SINGAPORE - The dollar was pinned near recent lows against other currencies on Tuesday, as traders awaited U.S. jobs data for a guide to the rates outlook, while labour market strength lifted the kiwi in anticipation of a New Zealand rate hike within weeks.
New Zealand's jobless rate unexpectedly fell to 4% last quarter, its lowest since December 2019, and the New Zealand dollar jumped 0.5% to a one-month high of $0.7056.
Elsewhere currencies were broadly steady as markets looked ahead to partial U.S. labour data due later on Wednesday and non-farm payroll figures due on Friday. The dollar was a touch lower at $1.1870 per euro and the dollar index, which measures the greenback against six major rivals, held at 92.024.
The dollar index has now slipped more than 1% from a 15-week peak it struck a fortnight ago as U.S. yields and U.S. rate hike expectations have receded with investors questioning the strength and speed of the economic recovery.
"The big dollar picture is that there is a pullback in Fed hike expectations and we've seen the U.S. dollar head south," said National Australia Bank senior strategist Rodrigo Catril, adding the focus was now on the rates implications of jobs data.
"We've all seen progress in the labour market, but the question is how much is good enough," he said.
Economists polled by Reuters expect ADP payrolls data, due around 1215 GMT, to show 695,000 jobs were added last month - roughly steady on a month earlier - and for Friday's non-farm payrolls to show 880,000 jobs added in July.
Catril said it could take several consecutive months of that kind of growth, or even stronger, to bring down unemployment sufficiently for central bankers to take note.
Safe haven currencies, meanwhile, have benefited from the dollar's softness, particularly as nerves about the spread of the Delta coronavirus variant keep a degree of caution in currency markets.

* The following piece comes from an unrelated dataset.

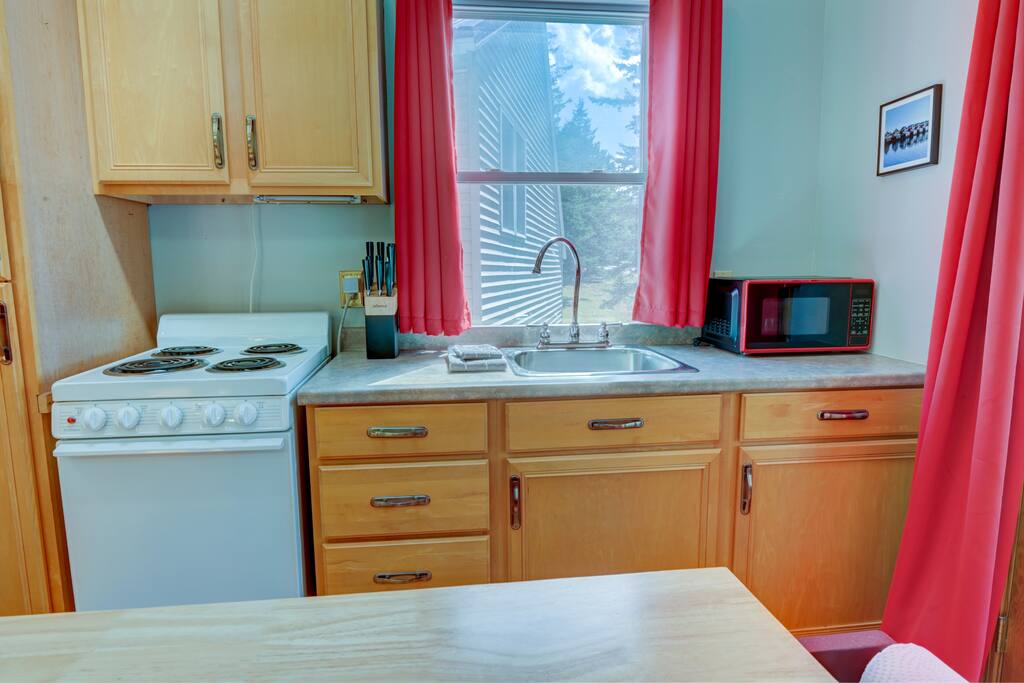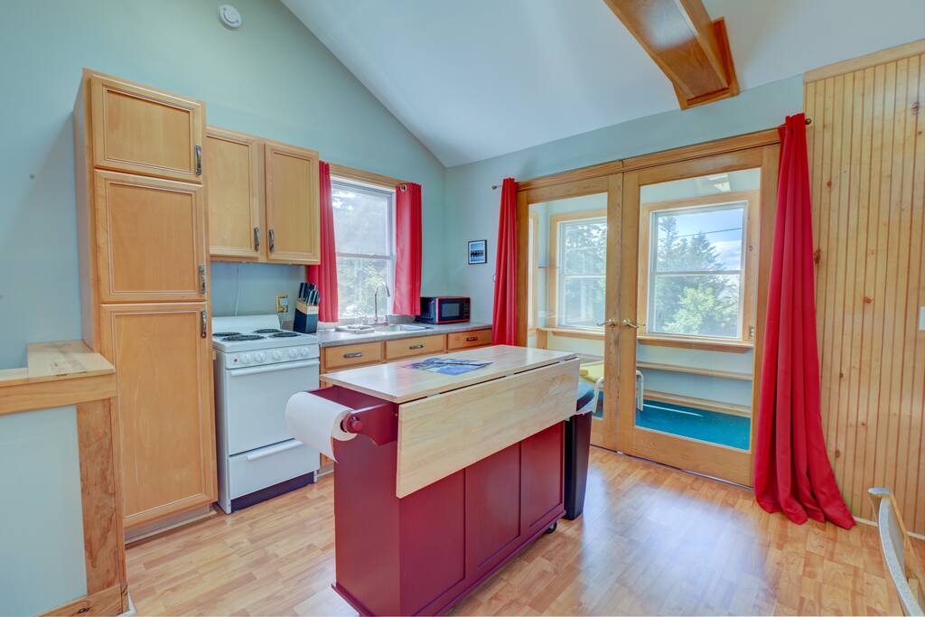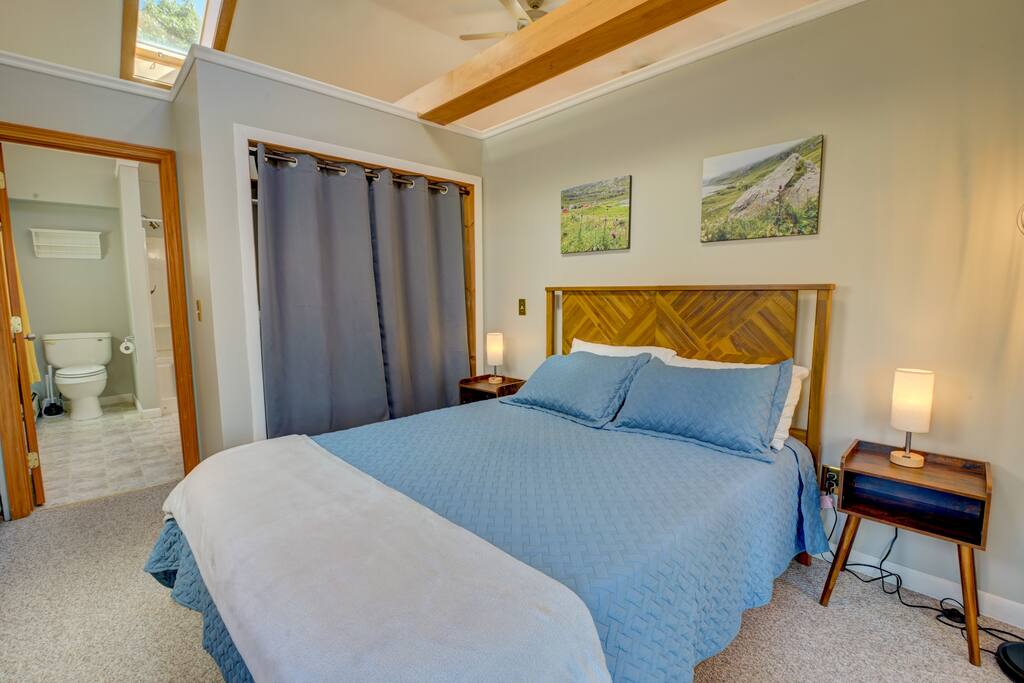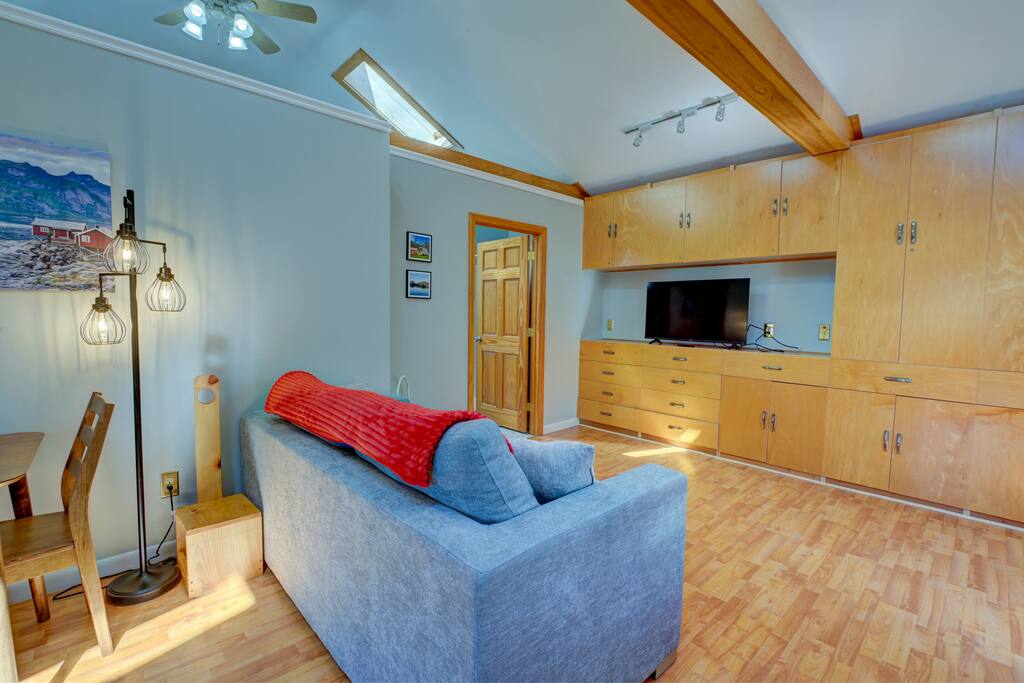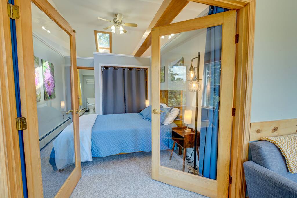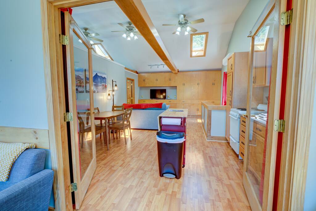 This unit has one bedroom with a queen sized bed. There is also a fold-out couch in the open-concept living room/kitchen area. Note that the entire space (living room, kitchen bedroom, and bath) are connected by the cathedral ceilings. If you are looking for two bedrooms with more privacy, check out the Hytta House (the attached property), or to book both units look for the Hytta Duplex.

After falling since the start of the year, the Japanese yen has gained about 2.5% against the dollar in a month and held at 108.98 yen per dollar on Wednesday, after touching its highest since late May overnight at 108.875.
The fellow safe-haven Swiss franc has also been on the front foot. It hit a seven-week high of 0.90235 per dollar overnight.
On the other side of the coin, the risk-sensitive Australian dollar has been unable to break resistance around $0.7415, even after the central bank gave investors a hawkish surprise by sticking with tapering plans on Tuesday.
The Aussie last bought $0.7406.
Sterling has found momentum from an encouraging end to COVID-19 restrictions in highly-vaccinated England, which has so far seemed not to cause a spike in virus deaths.
Attention there now turns to a Bank of England meeting on Thursday, with focus on policymakers economic projections and on what they say that means for rates. Swaps markets are beginning to price a hike liftoff around June 2022.
"If the BoE communicates a more cautious outlook, then we could see hike bets by June 2022 pushed back – putting some pressure on sterling," said Luke Suddards, a research strategist at brokerage Pepperstone.